Arellano, who had gained some notoriety in the year she spent hiding in a Chicago church from immigration officials trying to deport her, risked not quite as much as Parks. But she knew going public with a speaking tour very likely meant arrest, deportation and separation from her 8-year-old, American-born son - all of which happened.

Parks was also arrested, though not beaten, as many were in that time, and sent to jail by a government looking to send a message to the unhappy black population not to get any wise ideas. After their defiance, both women were buried in criticism by those who believed they had no right to speak out because of their inherent inferiority - Rosa because of her blackness, and Elvira for her illegality.
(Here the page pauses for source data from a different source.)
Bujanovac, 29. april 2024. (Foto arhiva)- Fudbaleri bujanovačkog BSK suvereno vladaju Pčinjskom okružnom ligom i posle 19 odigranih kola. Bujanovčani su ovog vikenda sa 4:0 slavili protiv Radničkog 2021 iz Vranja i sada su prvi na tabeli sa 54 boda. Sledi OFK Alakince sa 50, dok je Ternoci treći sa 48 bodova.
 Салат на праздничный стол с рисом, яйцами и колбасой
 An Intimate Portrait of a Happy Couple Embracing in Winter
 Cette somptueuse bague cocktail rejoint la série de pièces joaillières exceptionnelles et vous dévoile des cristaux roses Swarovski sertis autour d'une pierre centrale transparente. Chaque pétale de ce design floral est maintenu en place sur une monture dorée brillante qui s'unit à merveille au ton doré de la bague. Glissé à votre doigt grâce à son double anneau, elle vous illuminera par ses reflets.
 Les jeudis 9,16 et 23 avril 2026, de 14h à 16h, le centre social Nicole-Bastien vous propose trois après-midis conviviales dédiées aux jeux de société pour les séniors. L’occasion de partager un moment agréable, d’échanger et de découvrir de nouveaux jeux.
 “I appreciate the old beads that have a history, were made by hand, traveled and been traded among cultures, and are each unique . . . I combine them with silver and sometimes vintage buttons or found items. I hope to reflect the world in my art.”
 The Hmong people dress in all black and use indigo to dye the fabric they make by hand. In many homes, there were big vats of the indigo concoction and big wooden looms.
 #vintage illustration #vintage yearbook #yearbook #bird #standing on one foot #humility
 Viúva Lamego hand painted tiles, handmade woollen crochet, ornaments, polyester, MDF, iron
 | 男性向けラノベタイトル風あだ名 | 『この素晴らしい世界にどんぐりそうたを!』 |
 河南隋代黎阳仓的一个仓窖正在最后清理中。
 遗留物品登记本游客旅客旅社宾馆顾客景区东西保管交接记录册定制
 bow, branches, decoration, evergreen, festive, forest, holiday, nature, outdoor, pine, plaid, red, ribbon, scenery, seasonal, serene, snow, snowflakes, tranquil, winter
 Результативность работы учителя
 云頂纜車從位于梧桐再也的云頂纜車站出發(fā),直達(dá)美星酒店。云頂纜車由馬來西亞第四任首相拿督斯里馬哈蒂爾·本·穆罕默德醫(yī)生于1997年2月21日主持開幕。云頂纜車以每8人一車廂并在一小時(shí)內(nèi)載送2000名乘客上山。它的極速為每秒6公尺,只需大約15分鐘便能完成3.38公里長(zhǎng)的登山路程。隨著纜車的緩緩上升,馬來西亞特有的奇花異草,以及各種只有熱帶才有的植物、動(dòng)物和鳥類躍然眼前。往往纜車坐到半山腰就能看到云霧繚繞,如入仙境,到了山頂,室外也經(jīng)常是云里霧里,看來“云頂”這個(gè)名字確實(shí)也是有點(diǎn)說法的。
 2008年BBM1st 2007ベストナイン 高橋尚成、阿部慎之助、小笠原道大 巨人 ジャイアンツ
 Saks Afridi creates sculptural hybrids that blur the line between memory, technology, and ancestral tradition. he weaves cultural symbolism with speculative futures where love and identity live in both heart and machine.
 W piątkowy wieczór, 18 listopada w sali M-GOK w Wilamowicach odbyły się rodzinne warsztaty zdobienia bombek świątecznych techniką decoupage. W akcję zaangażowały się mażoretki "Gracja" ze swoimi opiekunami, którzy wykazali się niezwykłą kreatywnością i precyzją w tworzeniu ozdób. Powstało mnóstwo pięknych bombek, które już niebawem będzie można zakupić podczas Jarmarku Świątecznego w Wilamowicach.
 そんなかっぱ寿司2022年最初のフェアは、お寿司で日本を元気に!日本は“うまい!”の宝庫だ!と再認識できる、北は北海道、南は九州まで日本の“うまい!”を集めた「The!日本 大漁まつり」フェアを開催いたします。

Arellano might be a criminal to the legal citizenry of the United States, but she's a hero to millions of the illegal residents who are too afraid to do little more than keep their heads down, pick strawberries and hope for a day that the United States starts either enforcing its laws evenly or gets rid of them. Parks certainly wasn't a hero to the South's white establishment, which liked the segregationist society and its large population of subcitizens quite fine the way they were, but her single action was the force needed to launch a long-desired bus boycott.

Obviously there are many, many differences between the two women, from the color of their skin and personal circumstance to their legal and marital status. But the biggest one is that Parks, who never meant to be a hero, is a legend. (In fact, another woman, Claudette Colvin, arrested earlier that year, was supposed to be the NAACP's test case for a bus segregation lawsuit, but was dropped when it turned out she was 15, unmarried and pregnant. Luckily, Parks came along nine months later.) Arellano, meanwhile, will more likely be a footnote in the long tale of U.S. immigration policy.

Is Elvira Arellano the next Rosa Parks? Not likely, but it's not a bad thing for anyone - black or brown, legal or illegal - to aspire to.